Interview at Lang.NEXT

Sebastiaan Koppe via Digitalmars-d-announce digitalmars-d-announce at puremagic.com
Tue Jul 1 09:28:57 PDT 2014


On Thursday, 5 June 2014 at 09:43:13 UTC, Jonathan M Davis via 
Digitalmars-d-announce wrote:
>
> Though I confess what horrifies me the most about dynamic 
> languages is code
> like this
>
> if(cond)
>     var = "hello world";
> else
>     var = 42;
>
> The fact that an if statement could change the type of a 
> variable is just
> atrocious IMHO. Maybe I've just spent too much of my time in 
> statically typed
> languages, but I just do not understand the draw that 
> dynamically typed
> languages have for some people. They seem to think that 
> avoiding a few simple
> things that you have to do in your typical statically typed 
> language is
> somehow a huge improvement when it causes them so many serious 
> problems that
> static languages just don't have.
>
> - Jonathan M Davis

Wouldn't static-if accomplish much of the same?

```
static if (cond)
     auto var = "hello world";
else
     auto var = 42;
```

I understand it is horrible, and unexperienced programmers often 
make the mistaken of forgetting the definition of var in the 
*else* condition, while painstakingly try to use it *after* it.

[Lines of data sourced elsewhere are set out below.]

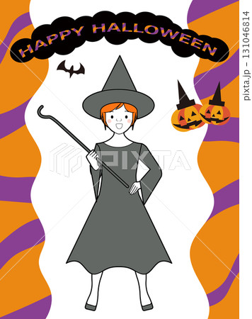 ハロウィンのキャラクター、魔女の手描きイラスト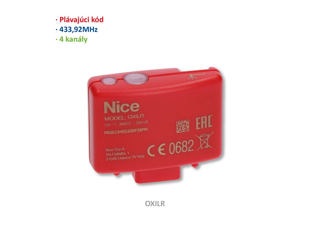 Přijímač zásuvný, 4 kanálový, 433,92 MHz, obousměrný, s dlouhým dosahem LoRa, paměť na 1024 obousměrných LoRa vysílačů, konektor SM, signalizace LED Obousměrný přijímač se slotem vybaven technologií LoRa®. OXILR je kompatibilní se všemi řídicími jednotkami Nice, které jsou vybaveny konektrorem SM, a proto je možné vybavit obousměrnou technlogií s dlouhým dosahem i starší nainstalované automatizační techniky Nice. Ergonomický design: snadno přístupný a praktický konektor pro připojení antény, programovací tlačítko a LED dioda. Maximální flexibilita: do paměti lze uložit až 1024 obousměrných dálkových ovladačů s technologií LoRa®.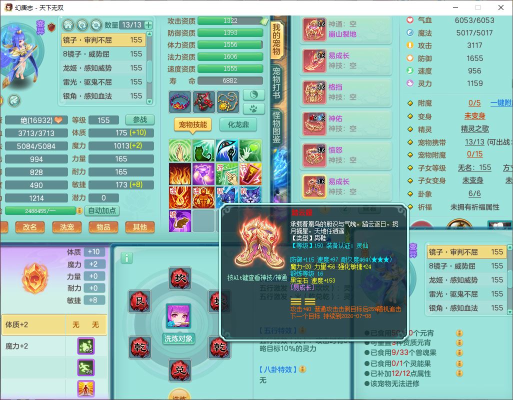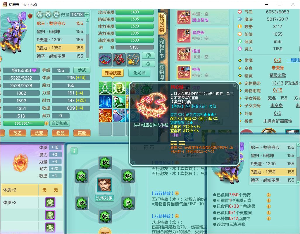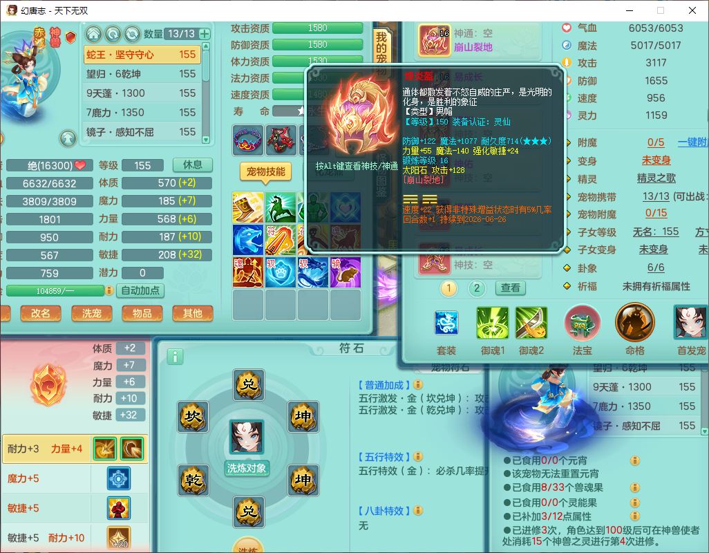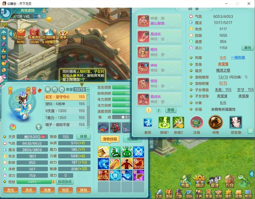 tx10199天下无双159男天宫精灵歌,4位靓号,1内丹青蛇1神兽(无内)1望归3镜花1龙姬1金炉1特殊(善恶),4觉醒1六字2五字7四字综合10只满果子,装备齐全,崩山帽子,930单加Y武器,格挡衣服,神佑项链,仓库法缭衣服,幸运慈航鞋子,鼎6.0+70+280,化龙鼎满足潜龙要求,56天月卡,31个仙兽灵,1双人飞行坐骑
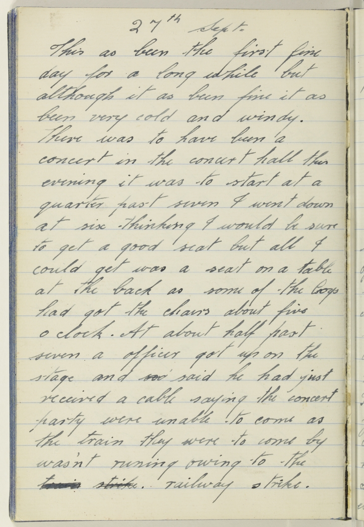There was to have been a concert in the concert hall this evening it was to start at a quarter past seven I went down at six thinking I would be sure to get a good seat but all I could get was a seat on a table at the back as some of the boys had got the chairs about five o clock. At about half past seven a officer got up on the stage and said he had just received a cable saying the concert party were unable to come as the train they were to come by was'nt runing owing to the train strike railway strike.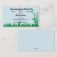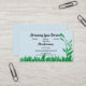 ¿Estás iniciando un negocio de cuidado de jardín y césped? Entonces, ¡esta tarjeta es para ti! Cuenta con un gráfico de hierba verde y plantas sobre un fondo azul pálido. Todo en el frente es editable. Disfruta de tu nueva tarjeta de visita Lawn and Garden Services.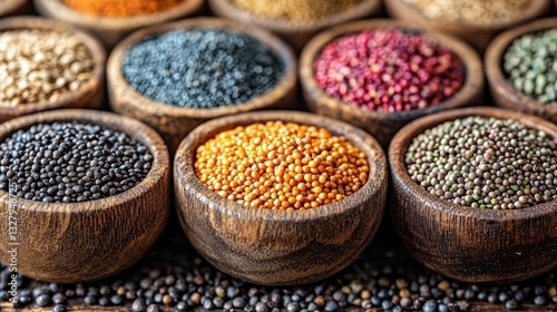 Colorful seeds and grains in wooden bowls.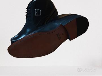 Scarpe in pelle nera sono perfette per cerimonie, eventi formali o anche per un look business sofisticato. Modello a metà tra stringata e stivaletto, con elegante fibbia laterale e punta squadrata dal design moderno.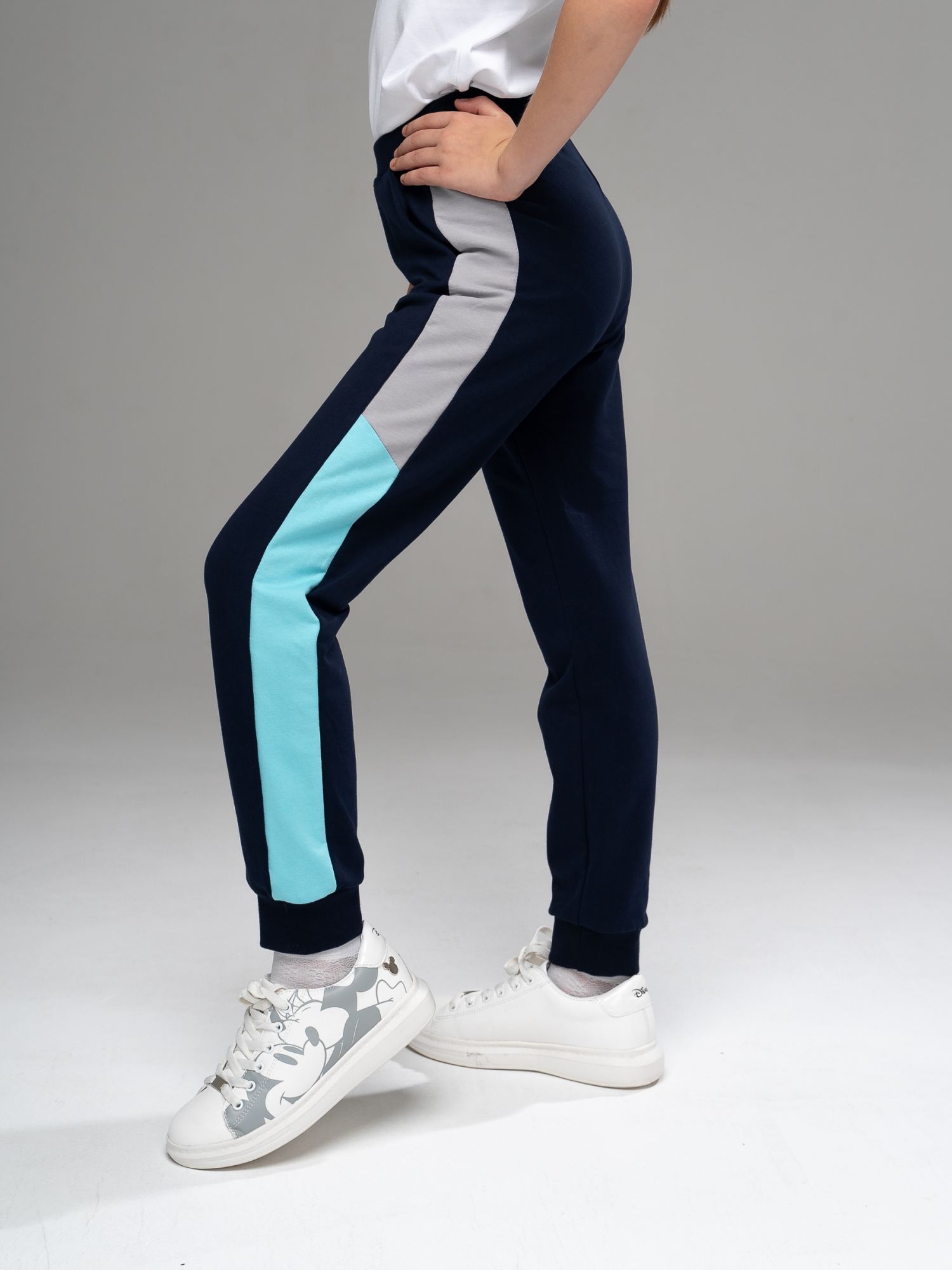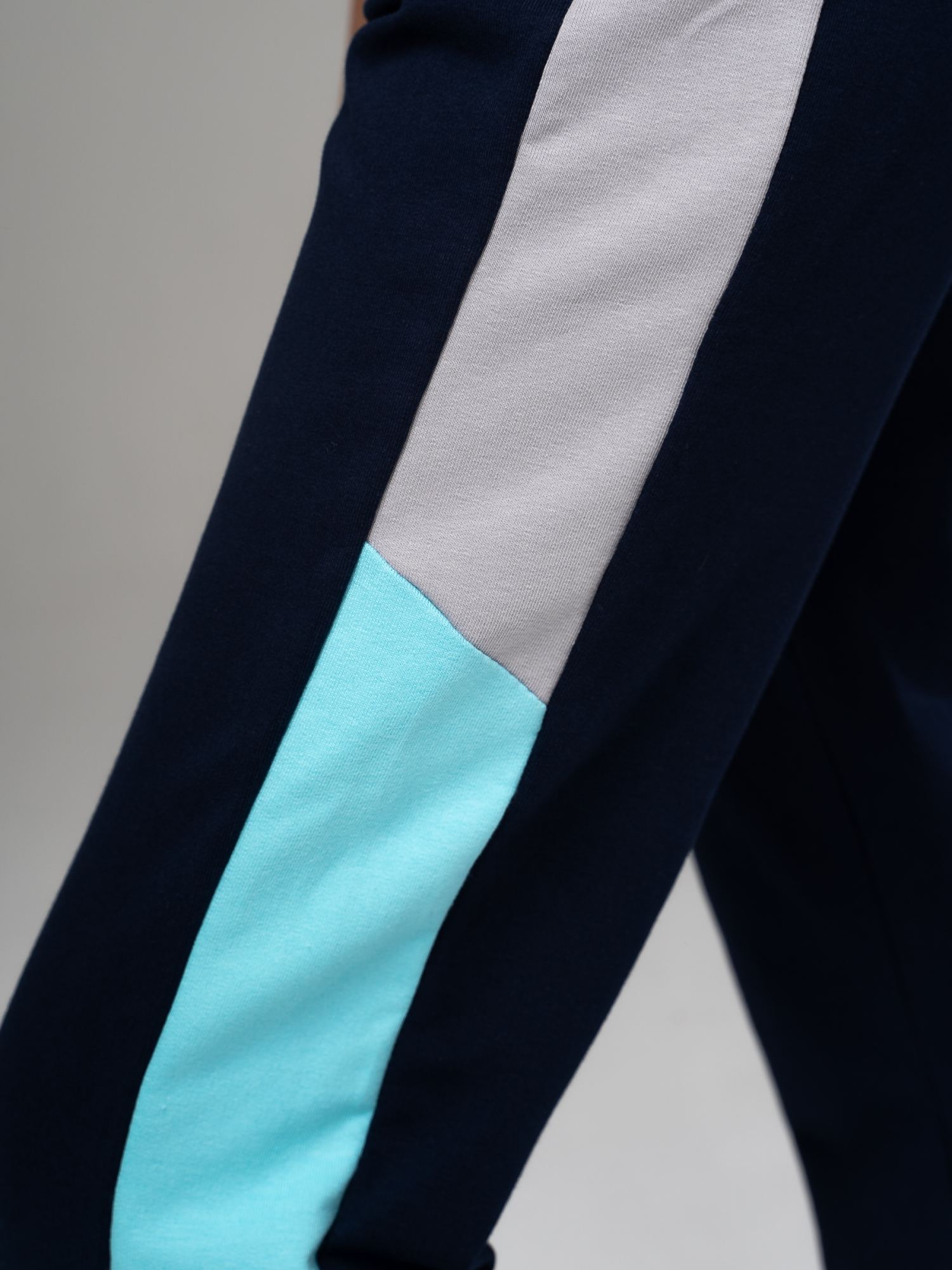 Спортивные брюки из футера темно-синего цвета , слегка зауженного силуэта с боковыми карманами и широкими лампасами из отделочного полотна двух цветов. Пояс на эластичной резинке. Низ брюк на манжетах. Изделие выполнено из трикотажа премиального качества - ПЕНЬЕ, с содержанием хлопка более 92%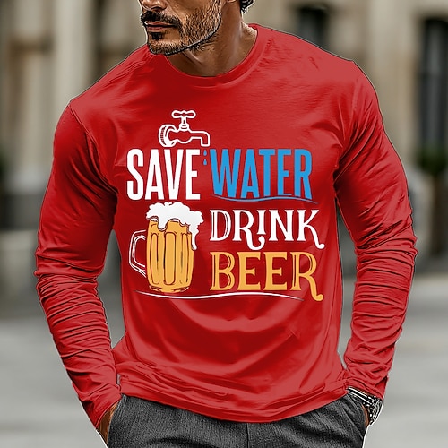 Herren-T-Shirt mit lustigem Slang-Spruch: Wasser sparen, Bier trinken. Langarmshirt mit 3D-Druck und Rundhalsausschnitt. Modisches Basic-Streetwear-Shirt in Blau, Rot und Grün. Erhältlich in den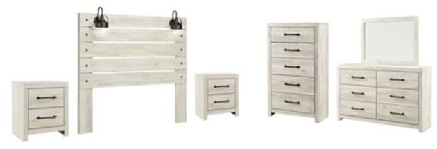 Includes queen panel headboard, 6-drawer dresser with mirror, 5-drawer chest and two 2-drawer nightstands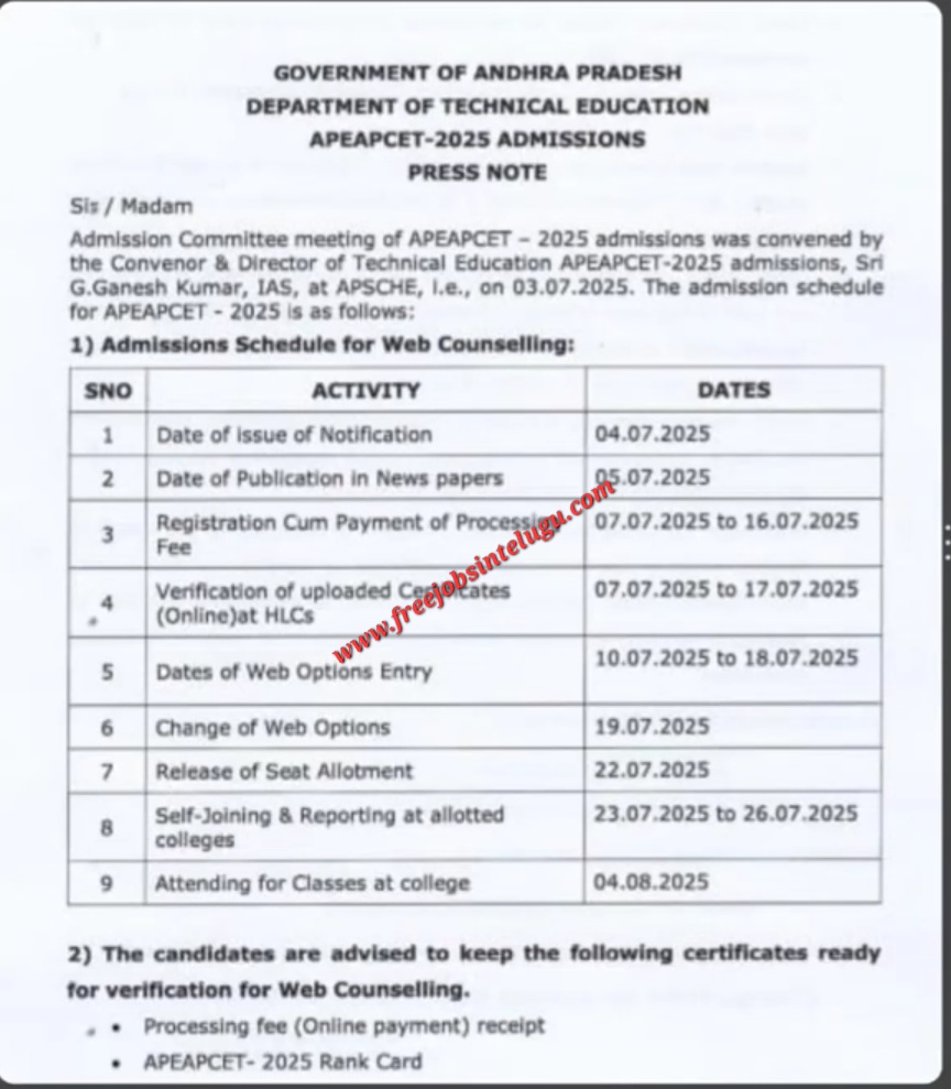 Note: పైన తెలిపిన షెడ్యూల్ అధికారికంగా విడుదల చేసింది. విద్యార్థులు ఆ షెడ్యూల్ ప్రకారం ఏపీ ఎంసెట్ కౌన్సిలింగ్ కు హాజరుకాగలరు.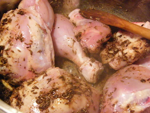 Añadir el resto de las especias, mezclar, luego añadir en pollo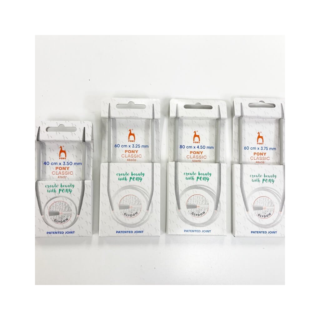 Kruhové jehlice PONY Classic v typické elegantní jasně šedé barvě jsou ideální pro každý pletený projekt a zůstávají nadčasové i s měnícími se trendy. Jsou neuvěřitelně lehké a snadno ovladatelné, vyrobené z hladkého anodizovaného hliníku, který je odolný proti korozi. U větších velikostí jsou jehlice vyrobeny z kvalitního ABS plastu, což zajišťuje jejich pohodlné držení a dlouhou životnost.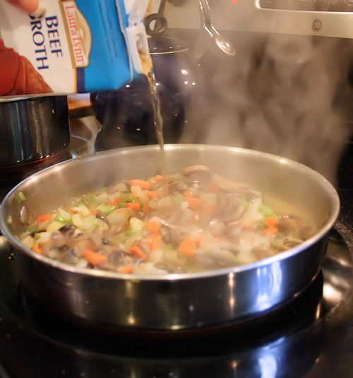 Add in 1 cup of beef broth and season with salt and pepper. Lower heat to med-low.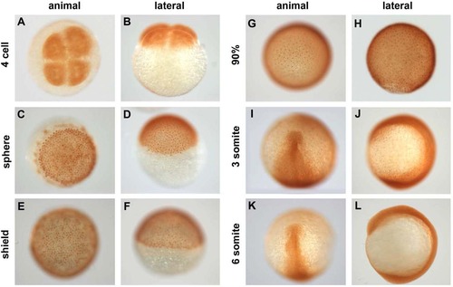Spatiotemporal distribution of Pou5f1 in wild-type (WT) embryos. A–L: Pou5f1 distribution in whole-mount WT embryos from four-cell to six-somite stages analyzed by anti Pou5f1 HRP/DAB immunohistochemistry. Animal views (A,C,E,G,I,K), dorsal to the bottom (E,G,I,K), and lateral views (B,D,F,H,J,L), dorsal to the right (F,H,J,L). EXPRESSION / LABELING: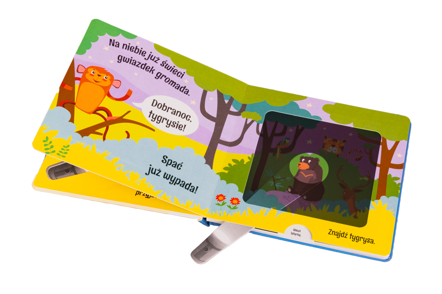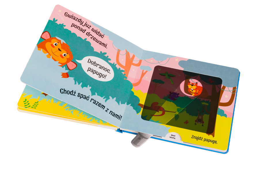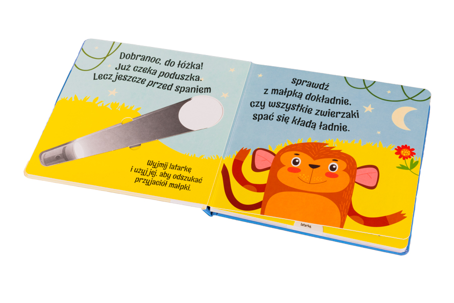 Małpka chce iść spać, ale zanim to zrobi, musi powiedzieć dobranoc innym zwierzętom. Pomożesz je znaleźć? Wyjmij znajdującą się w książce kartonową latarkę, weź ją do ręki, wsuń pod ciemną folię i rzuć światło na bohaterów książeczki. Słuchając rymowanej opowiastki, szukaj z małpką jej przyjaciół na kolejnych stronach. Czy udało ci się znaleźć wszystkie zwierzęta? Małpka usnęła, a ty?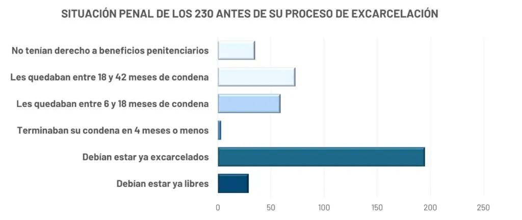 En un estudio realizado en el mes de febrero en el que se actualiza al total de los excarcelados, más del 85% de los presos políticos excarcelados ya tenían derecho al régimen abierto. Según Prisoners Defenders, 195 de los 230 debían haber estado excarcelados antes de este proceso y de ellos incluso 29 debían estar ya libres. «Fueron retenidos en prisión meses o años, en contra de las propias leyes del régimen, con el fin de vender sus liberaciones».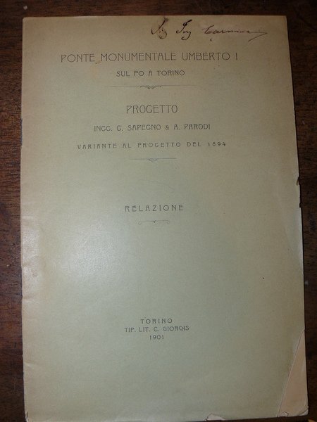 Ponte monumentale Umberto I sul Po a Torino. Variante al progetto del 1894. Relazione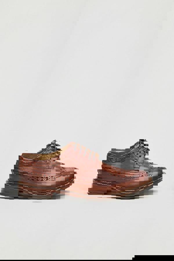 Timeless Long Wing Tip Brogue in rich Woodberry leather. The Long wing pattern is a classic line on men's brogues, and makes the shoe versatile and easy to wear. Burnished leather upper, leather linings and sole, finished with a waxed cotton lace.

Now the first time I saw `auto`, in D or C++, I was horrified. 
But in essence it is a move towards not having to think about the 
type, or in other cases having to actually type it out, but just 
have the compiler infer it auto-matically. A dynamic language is 
just having auto everywhere without having to type even that, and 
giving up compile time type checking in turn.

On the other hand, some dynamic languages allow you to restict a 
variable entering a function by its type. In essence, I see both 
static and dynamic languages trying to meet in the middle.

The middle ground is the idea that data has a type and a variable 
is just a reference to some data; a way for use humans to express 
data flow. In other words, relying more on compile-time type 
inference.

That is the direction I see in general; programmers more and more 
relying on tools and analysers to do their work.